A library for simulating data streams coming from RD53 chips.
The library is split into two parts:
-
encoding of raw pixel ADC data into data streams, formatting into AURORA blocks, etc.
-
decoding of the output of step 1 back into raw pixel data.
In both parts, the actual functionality is implemented in C++. Python bindings are generated using pybind11 to enable easier handling of the C++ objects, but they can also just be operated from within C++.
To run the encoder, we need in input file containing a TTree with the digis from simulation.
wget https://aalbert.web.cern.ch/aalbert/public/rd53stream/itdigi.root -O example/itdigi.root
make stream
./bin/makestream -file example/itdigi.root \
-barrel \
-ringlayer 1 \
-diskladder 1 \
-nevents 1The commandline arguments define which part of the detector is analyzed, with -barrel referring to the TBPX, while -endcap refers to the TFPX and TEPX. The -ringlayer and -diskladder arguments further narrow down the detector region, which ringlayer meaning ring for the endcaps and layer for the barrel (similarly for diskladder).
The output will be written to stream.txt.

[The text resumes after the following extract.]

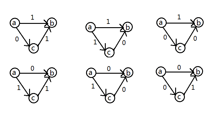 因此我们将统计三元组的任务转化为了统计二元组的数目,设一个点边权$1$的边入度为$in1$,出度为$out1$,其余与此类似。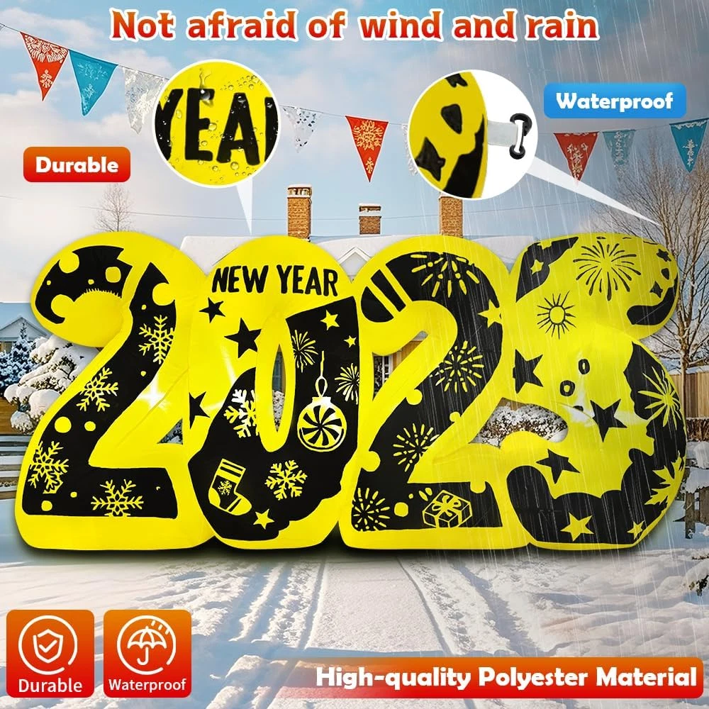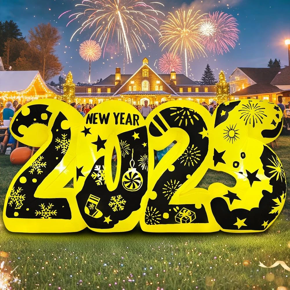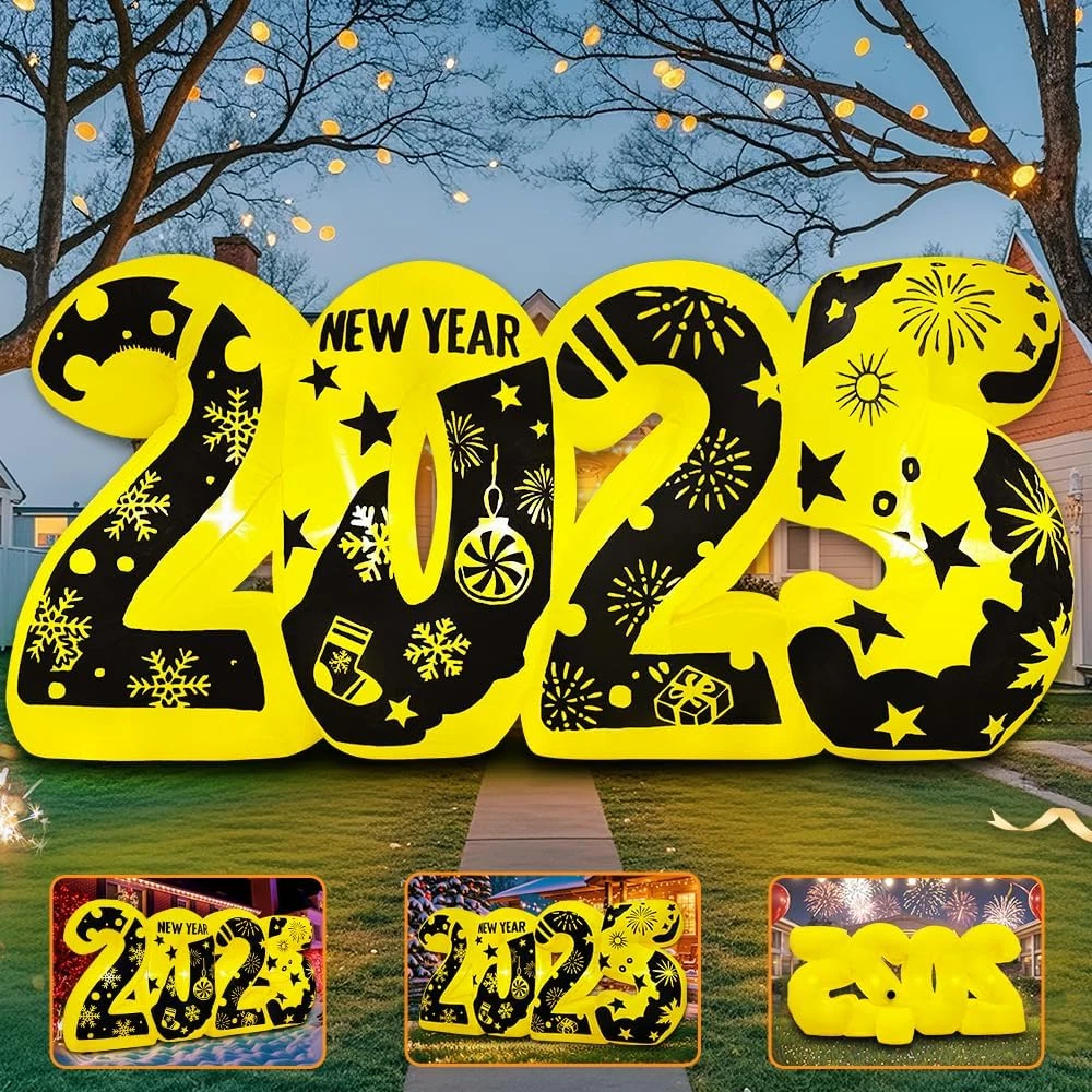 【New Years Eve Party Supplies 2025】2024 NEW 7FT New Year Inflatable 2025 to celebrate New Year.Build-in LED Lights,the super bright colored LED light will illuminate your yard and easily attract the guests, friends, and kids' s attention so that can be the most attractive & New Year decorations outdoor in your neighbors.Used for New Year outdoor and indoor party decoration, it can add a strong New Year atmosphere. 【Stronger Inflatable Fan】 Our Inflatable New Year 2025 is equipped with an upgraded powerful inflatable fan, the New Year inflatable yard decorations can be inflated quickly in two minutes, it is efficient and fast.Don't forget to zip up the bottom zipper before inflated.There is a rechargeable plug with UL Certified adapter are very safe to use, indoor and outdoor connected to the power supply can be inflated. 【Upgrade Premium Material】happy new year 2025 is made of polyester fiber, waterproof and durable, not easy to fade and not easy to be poked, perfect for your yard.Updated sewing technology, product sewing tight and neat.Ensuring our outdoor New Year decorations yard can be used in rainy and snowy days.The deflated decoration is easy to store and can save space very well. 【Perfect New Years Eve Decorations】New Year inflatable outdoor decoration is perfect for happy new year decorations. Blow up New Year Yard decorations are suitable for indoor, outdoor, yard, garden, family, party, stage, New years Eve activities. Which can attract everyone's attention and can make everyone enjoy a happy New Year together. 【Happy New Year 2025】Welcome to our store, where you can enjoy the best shopping experience and service. We have many styles for you to choose from, and wish you a happy shopping. We have 2025, tree, Santa Claus, gingerbread man, snowman and other styles for you to choose from which will brighten up your yard, as well as your holiday! Product Description 1 new year decorations 2025 2 new years decorations 3 nye decorations 2025 Your family and friends will enjoy New year Day and spend the most important moment with you. new year decorations 2025 1 new year banner 2 new years party new year decorations 2025 Add to Cart Add to Cart Add to Cart Add to Cart Add to Cart Add to Cart Price $19.99 $ 19 . 99 $35.99 $ 35 . 99 $79.99 $ 79 . 99 $49.99 $ 49 . 99 $59.99 $ 59 . 99 $32.99 $ 32 . 99 — Durable ✓ ✓ ✓ ✓ ✓ ✓ ✓ Waterproofness ✓ ✓ ✓ ✓ ✓ ✓ ✓ Material 210T Polyester 210T Polyester 210T Polyester 210T Polyester 210T Polyester 210T Polyester 210T Polyester Festival 2025 new years decorations Christmas Christmas Christmas Christmas Christmas Christmas Size 7FT 6FT 6FT 6.5FT 6FT 6FT 6FT

The first few lines of the file will look something like this:
110101001|110101:10:10010001:0110000:11110101|110101:00:10010001:00111110:
0101111110100|:11::1010011:00111011|110101:10:10010010:111110111011111000:
0110100101111111101000010|110101:10:01101011:01000:1010|110101:00:011010
011:011101110010:000101111110|:11::1010011:11001101|110101:10:01101100:1011
010101010:01100100|110101:00:10000011:1101000100:00100010|:11::11111010001
Each line represents a 64-bit AURORA block (the 2-bit AURORA header has been omitted here). To make the files more human-readable, the bits are interspersed with the symbols "|" which indicates a new quarter core starting, and ":", which indicates a new field inside a quarter core. These symbols are only meant for human consumption and are ignored by the decoder! The start of the stream can thus be decomposed as follows:
110101001 -> new stream bit "1" + 8-bit event identifier "10101001"
| -> start of first qcore
110101 -> Column address of the qcore (Always 6 bits)
10 -> islast and isneighbour bits
10010001 -> row address (always 8 bits, omitted if isneighbour=True)
0110000 -> encoded hitmap (variable size)
11110101 -> ToTs for hit pixels (2 pixels * 4 bits / pixel)
...(and so on)...
It is important to note that the stream building currently has limitations:
- Each module is treated separately, ratther than correctly accounting for the module -> ROC mapping
- event numbers, as well as row and column identifiers are arbitrary placeholder values
As an example, let's run the SimpleStreamDecoder on the input file example/stream.txt. We can do it in two ways: Either entirely in C++:
make simple
./bin/runsimple -f example/stream.txtor using the python bindings (assuming we are in a virtual environment with python3):
pip install pybind11
make py
./python/run_simple_decoder.py example/stream.txtIn both cases, the same underlying C++ code is executed. Currently, the code outputs a bunch of debugging statements as it parses the stream. The decoder is not fully validated, yet. Of course, you can also run the decoder on the stream.txt file created in the encoding step above.
Python bindings for modules other than the simple decoder will be added soon.